Taking a peek at this dope's sign, I'm reminded of my days teaching both morans and dummies. As an art teacher, I taught one of the two classes the special ed kids took. Into my classroom, full of fun and sharp tools, poured kids whose IQ's averaged about 55, depending. For the most part, my special ed kids were a weird delight, since they had a pretty good sense of how the world viewed them, and their creativity absorbed and reflected that skew. Also, their retardation was caused by a variety of ills, from Down's Syndrome, to brain tumors, to lack of oxygen at birth. As a result, they weren't limited in the same way, didn't act the same way, didn't talk the same way. But the dopes I taught were identically dopey.

When I went on to teach college, I discovered the same dummies, usually arrayed in the back of the room, lightly sketching penises in their notebooks before skipping out early. But I was still a young teacher then, encumbered by the saddlebags of hip-pedagogical-thought, which promoted the idea that there were no dummies, only unmotivated, emotionally-limited teachers. And so, wondering if this was true, I began my Save-the-Dope Campaign. This took the form of reaching out to them and attempting to really communicate, for it was another hippie tenet that no one could withstand the force of honest sharing. So I snatched them back as they tried to scurry off for a cigarette, sat them down, stared into their dull eyes, encouraged the shit out of them, and listened to their responses, which consisted of a defensive So?

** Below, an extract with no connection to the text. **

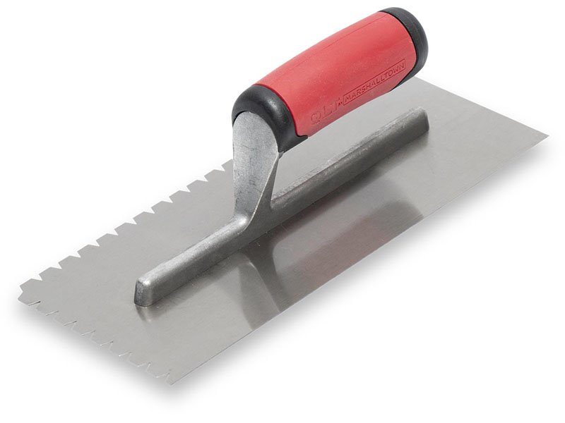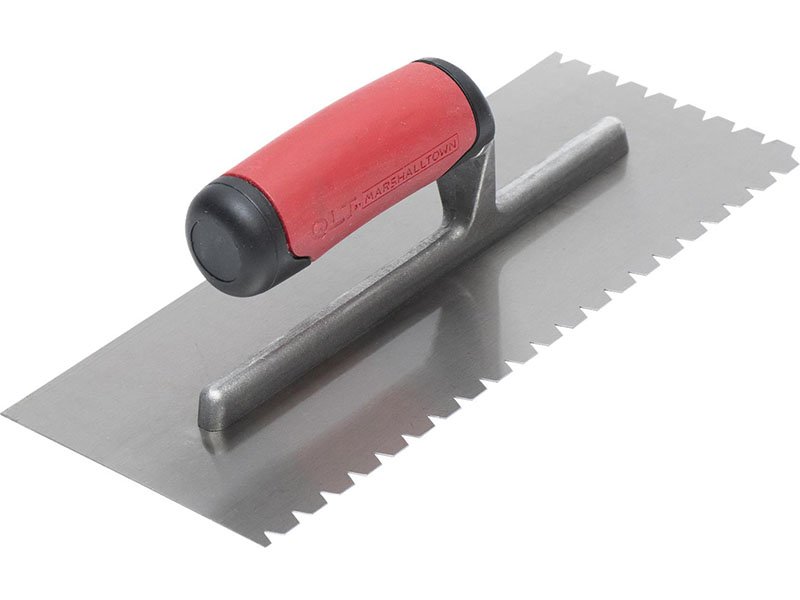Marshalltown QLT gezahnte Kelle zum Verlegen von Fliesen und Bodenbelägen. Kontrolliert die Klebstoffmenge mit Zahnung und Kerbgröße. Aluminiumguss-Halterung, gehärtetes Stahlblatt, Softgrip-Griff. Blattgröße: 279×114 mm. Flaches V-4,5x6x8 mm.
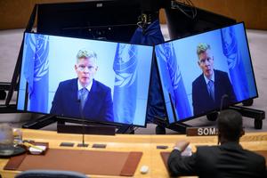 (250612) -- NACIONES UNIDAS, 12 junio, 2025 (Xinhua) -- El enviado especial de la ONU para Yemen, Hans Grundberg (en las pantallas), habla en una reunión del Consejo de Seguridad en la sede de la ONU, en Nueva York, el 12 de junio de 2025. Grundberg advirtió el jueves que la situación en el país devastado por la guerra sigue siendo frágil a pesar del acuerdo de cese al fuego en el mar Rojo entre los hutíes y Estados Unidos. (Xinhua/Loey Felipe/UN Photo) (jg) (da) (vf)

They had no business in college, of course, but we were just venturing into one of America's Bright Ideas, which postulated that universities, especially third-tier crap universities, could be a money-making proposition. All you had to do was accept anyone with a pulse. Of course I got exactly nowhere with my Save-the-Dope Campaign, and decided that, like the poor, dopes are always with us. Still, what I took away from the experience is confirmed in these troubled times. Lest I be accused of heartlessness, I want to say that my use of the words dope, dummie, and stoopid mf is precise. I'm referring to a being who is placidly convinced they are always right, is willfully ignorant, does not know the difference between fantasy and reality, has a simple faith only in rich people and the people who beat them up.

And so, it doesn't help to get our bowels in an uproar over the dummies who are currently loving Sarah Palin, who is a better-looking dope than most, and who probably appears rich compared to your average dullard.

Let the stoopid mfs rage and holler. Just pray they forget to vote.

But we need to vote. We surely do.



Sunday, September 14, 2008

Farewell my lovely...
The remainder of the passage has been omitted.